The goalless draw against Shabana at Gusii Stadium was not an accident, nor was it an off day. It was a mirror held up to a club that has slowly drifted away from the principles that once made it great. Gor Mahia did not dominate, did not intimidate and did not look like a team chasing a title. They looked ordinary.
And that should worry everyone who cares about Kenyan football.
For all the noise that surrounds Gor Mahia, the massive following, the history, the talk of “giants”, the reality on the pitch tells a different story. This is a team that struggles to impose itself, that labours in possession and that too often relies on moments rather than method.

The problems start off the pitch. Gor Mahia have become far too comfortable with instability. Leadership wrangles, caretaker arrangements and endless power struggles have turned chaos into routine. Football clubs are not run on slogans and history; they are run on planning, discipline and clarity of purpose.

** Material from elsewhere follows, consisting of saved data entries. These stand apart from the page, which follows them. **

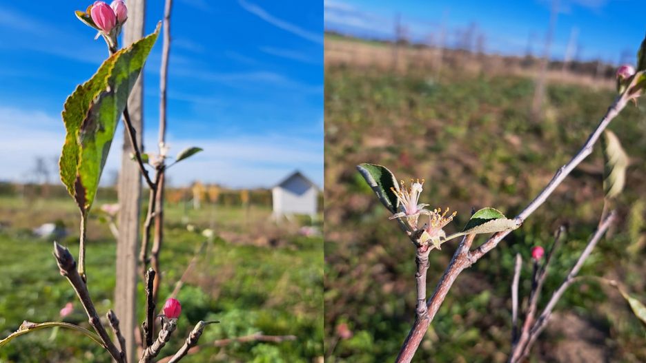 Na nadesłanych nam zdjęciach widać, że jabłonie w listopadzie budzą się ze snu i powoli zaczynają owocować. To bardzo niepokojące. Niestety, chociaż wygląda to bardzo uroczo, może stanowić problem dla sadowników.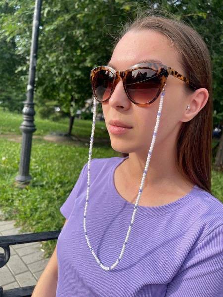 Elevate your eyewear and style with this exquisite eyeglass holder, expertly crafted by astro_dom_jewelry. This elegant piece features lustrous white Japanese beads, punctuated by captivating lilac accents, creating a delicate and sophisticated design. The subtle shimmer adds a touch of understated luxury to any outfit, effortlessly transitioning from casual everyday wear to more formal occasions.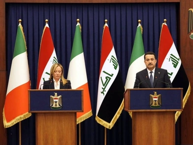 Έπειτα έδωσε συνέντευξη με τον Μοχάμεντ Σία Αλ Σουντανί στο κυβερνητικό μέγαρο με τη σημαία που βρίσκεται πίσω από την Ιταλίδα Πρωθυπουργό να μην παραπέμπει στην Ιταλία. Πίσω από τους ηγέτες, όπως απαιτεί το πρωτόκολλο, είχαν υψωθεί οι σημαίες των αντίστοιχων χωρών, αλλά η ιταλική σημαία δεν φαίνεται να βρίσκεται πίσω από την Τζόρτζια Μελόνι καθώς υπήρχε πορτοκαλί αντί για κόκκινο, κάτι που παρέπεμπε στην ιρλανδική σημαία. Γεγονός που έγινε ακόμη πιο εμφανές από τη διαφορετική απόχρωση σε σχέση με το κόκκινο που υπάρχει στη σημαία του Ιράκ.

Recruitment has been equally uninspiring. Gor Mahia used to sign players who raised the level of the league. Today, they sign players who merely fill the squad. There is no clear footballing identity, no sense of what kind of team Gor Mahia want to be. Are they a pressing side? A possession team? A counter-attacking outfit? Watching them week in, week out, it is hard to tell.
On the technical side, the revolving door of coaches has robbed the team of continuity. Every new coach arrives promising change, but without time or stability, the result is always the same, short-term patches and long-term decline. Players look unsure, systems look half-baked and matches drift away.

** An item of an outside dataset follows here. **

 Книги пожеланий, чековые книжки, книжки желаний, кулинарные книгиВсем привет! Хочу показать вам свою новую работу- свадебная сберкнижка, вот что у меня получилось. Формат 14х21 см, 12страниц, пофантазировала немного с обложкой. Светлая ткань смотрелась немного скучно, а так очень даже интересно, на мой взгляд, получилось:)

Perhaps most damaging is the loss of fear. Opponents now come to Gor Mahia believing they can get something, and more often than not, they do. When smaller clubs walk onto the pitch with confidence rather than caution, something fundamental has shifted.
This is not to say Gor Mahia are finished. Far from it. They remain a powerful brand with unmatched support. But belief alone does not win titles. Sentiment does not score goals.
If Gor Mahia are serious about reclaiming their place at the top, hard decisions must be made. Governance must be cleaned up. Recruitment must be smarter. Coaches must be backed — or not hired at all. Above all, the club must rediscover its footballing identity.
Because in modern Kenyan football, history is respected, but it is not feared.